Originally posted 2004.03.24.
Remembering
Two years ago today, my mother died. She died of cancer, specifically non-Hodgkin's lymphoma. I have never really come to terms with it. At least, it doesn't seem like I have. I stayed with her in the hospital through her last days, talking to her, trying to soothe her fears of reaching the end. And her ultimate death saddened me greatly. But I never cried, I never went through some kind of depression or mourning. And I've never been able to figure this out. Is something wrong with me?
When she passed, I merely accepted her death as another process of life that we all go through. Our mortality is something we cannot avoid. But still, it bothers me. Why didn't I cry at her funeral? Why didn't I fall into some kind of mournful depression, at least for a few weeks? Is something wrong with me?

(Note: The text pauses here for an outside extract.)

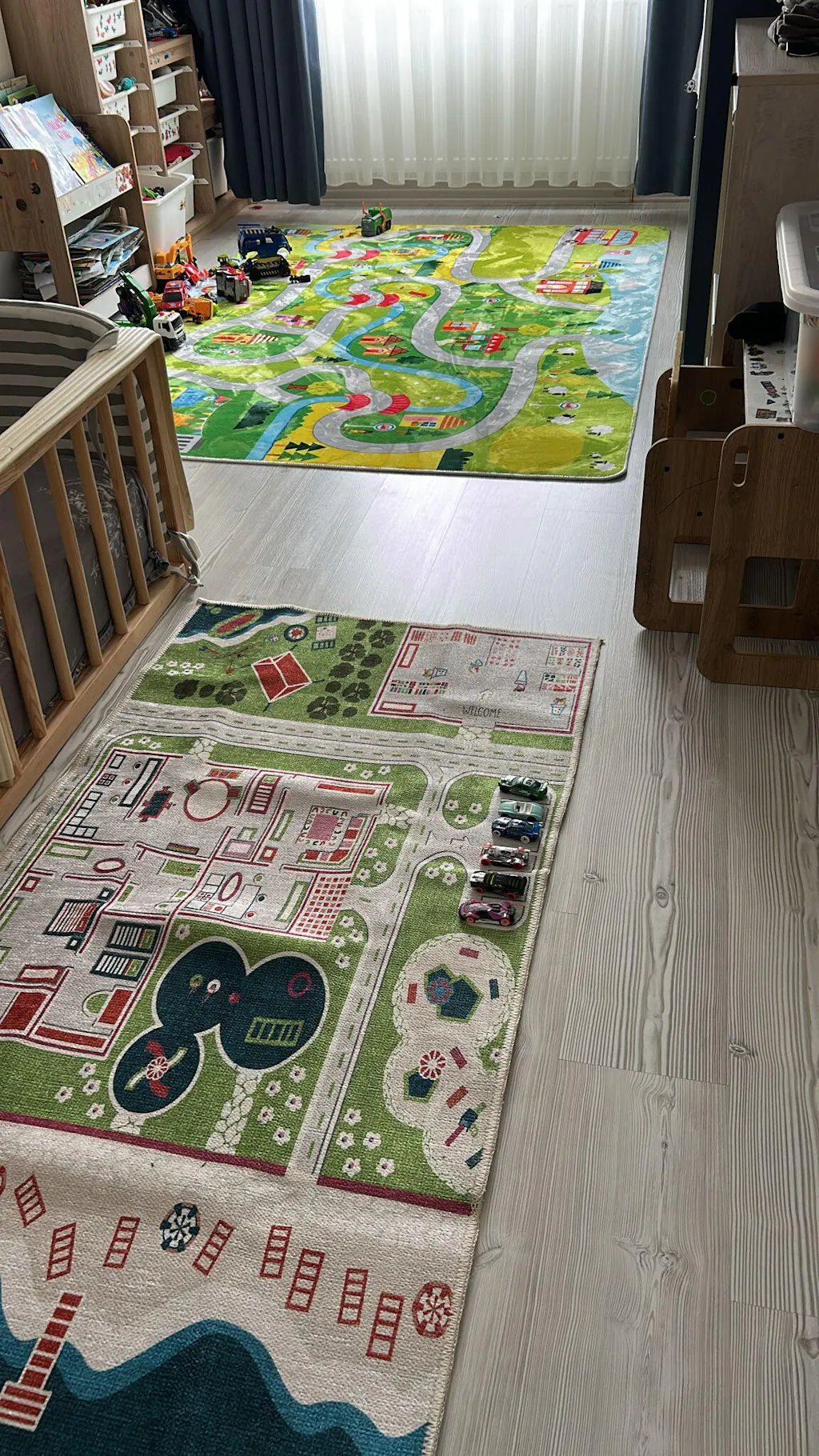 Hayal gücünü geliştiren, eğitici ve canlı desenler. Halı değil, aynı zamanda interaktif bir öğrenme ve oyun alanıdır.

I thought about this virtually everyday for the first year after her death, and off-and-on since. Sometimes for a fleeting few moments, other times for hours lying in bed. I often find myself attributing my attitude to her first heart attack in 1989. Back then, I was totally unprepared for death. I remember being in the hospital with my siblings, wondering, What the fuck are we going to do if she dies? After two surgeries, I took a leave of absence from school and stayed with her to help her recover--my dad was 77 and in no shape to take care of her. During this time, I had many opportunities to talk with her about death and it soon became just another topic of conversation. Something that was a part of our lives, something that we couldn't avoid, something we had to accept.
On special days, like today, or her birthday or Christmas, I will leave an offering to her at a kind of mini-shrine at my house. M will make chirashi-zushi, mom's favorite, and I will leave a glass of wine or sake for her--my mother loved to drink, a pastime we often indulged in together. And I often end up talking to her, or at least to her photos. It's kind of weird. I never talk to her in my heart or in other places. Only when I am looking at her photos. Often out loud. She probably thinks I'm weird, as perhaps you do, too.

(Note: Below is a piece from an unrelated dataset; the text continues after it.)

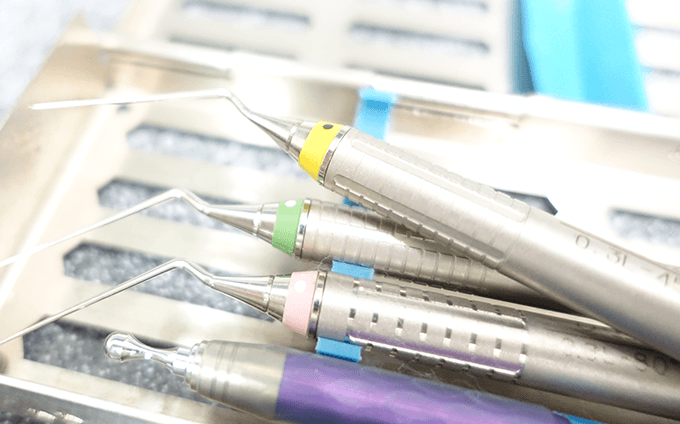 もともと歯根と言われる歯の根っこは細く、その内側にある根管内はさらに細く入り組んでいます。この根管を、歯を削るための器具で不用意に削ってしまうと、削りすぎてしまい歯質が薄くなり割れやすくなったり、最悪の場合、歯根に穴が開いてしまう恐れがあります。そのため当クリニックでは、細い根管内の汚染物や、虫歯、神経の残骸などは、超音波の器具を使用し、専用の超音波チップで振動を加えながら、こそぎとるようにして機械的清掃を行っていきます。歯にとって最も安全でやさしい方法と考えます。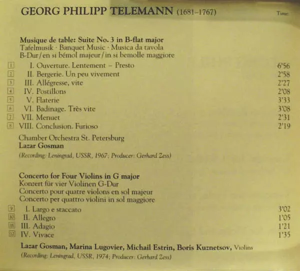 | Wykonawca | Georg Philipp Telemann | Leningrad Chamber Orchestra | Lazar Gosman | Камерный Оркестр Ленинградской Филармонии | Лев Шиндер |

In a way, I guess she is still alive to me. Perhaps, I am mentally unstable because by talking to her as if she were still alive, I seem to refuse to accept that she is dead. Whatever. I will deal with it in my own way, I suppose.
In any event, in memory of my mother, I would like to relate to you a story that might explain me, or my sense of humor. My friends, my wife, my students often tell me I'm sick, that I am overly sarcastic--to the point of sounding cynical--and have a sense of humor that often seems mean and base. They are right, of course. I hate to point a finger at the dead, but my mother does have to take some of the responsibility, I think.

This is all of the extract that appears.